Transcribe exactly the lines that fall between the one holding "La tamaulipeca logró" and the one holding "Kết quả điều", inclusive, from the entries below.

■ DATASET ENTRIES
>>>

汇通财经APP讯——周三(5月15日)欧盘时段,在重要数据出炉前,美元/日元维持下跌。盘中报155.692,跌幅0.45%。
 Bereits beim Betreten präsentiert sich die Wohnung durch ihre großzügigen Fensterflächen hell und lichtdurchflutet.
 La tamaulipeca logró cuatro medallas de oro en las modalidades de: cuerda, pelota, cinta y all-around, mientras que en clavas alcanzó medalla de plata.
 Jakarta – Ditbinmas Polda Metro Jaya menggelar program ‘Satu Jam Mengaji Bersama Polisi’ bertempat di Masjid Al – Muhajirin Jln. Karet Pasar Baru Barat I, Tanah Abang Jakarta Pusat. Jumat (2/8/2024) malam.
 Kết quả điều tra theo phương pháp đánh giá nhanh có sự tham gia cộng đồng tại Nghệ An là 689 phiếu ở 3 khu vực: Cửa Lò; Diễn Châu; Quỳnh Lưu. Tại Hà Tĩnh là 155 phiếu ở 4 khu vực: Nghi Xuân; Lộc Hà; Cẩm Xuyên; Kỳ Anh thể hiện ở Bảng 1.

<<<
>>>

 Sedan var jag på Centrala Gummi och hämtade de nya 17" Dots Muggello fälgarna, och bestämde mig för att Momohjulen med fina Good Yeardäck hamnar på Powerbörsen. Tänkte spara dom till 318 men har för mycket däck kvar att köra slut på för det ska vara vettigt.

<<<
>>>

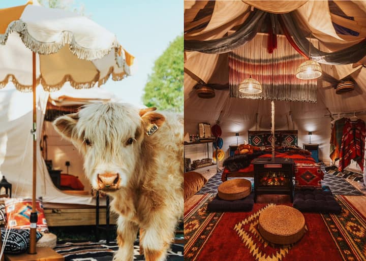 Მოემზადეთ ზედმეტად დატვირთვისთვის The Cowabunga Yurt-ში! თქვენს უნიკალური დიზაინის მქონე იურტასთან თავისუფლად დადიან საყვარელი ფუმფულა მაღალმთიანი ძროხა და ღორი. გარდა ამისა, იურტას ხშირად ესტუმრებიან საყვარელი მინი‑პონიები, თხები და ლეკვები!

<<<

■ WRITTEN RESPONSE
 La tamaulipeca logró cuatro medallas de oro en las modalidades de: cuerda, pelota, cinta y all-around, mientras que en clavas alcanzó medalla de plata.
 Jakarta – Ditbinmas Polda Metro Jaya menggelar program ‘Satu Jam Mengaji Bersama Polisi’ bertempat di Masjid Al – Muhajirin Jln. Karet Pasar Baru Barat I, Tanah Abang Jakarta Pusat. Jumat (2/8/2024) malam.
 Kết quả điều tra theo phương pháp đánh giá nhanh có sự tham gia cộng đồng tại Nghệ An là 689 phiếu ở 3 khu vực: Cửa Lò; Diễn Châu; Quỳnh Lưu. Tại Hà Tĩnh là 155 phiếu ở 4 khu vực: Nghi Xuân; Lộc Hà; Cẩm Xuyên; Kỳ Anh thể hiện ở Bảng 1.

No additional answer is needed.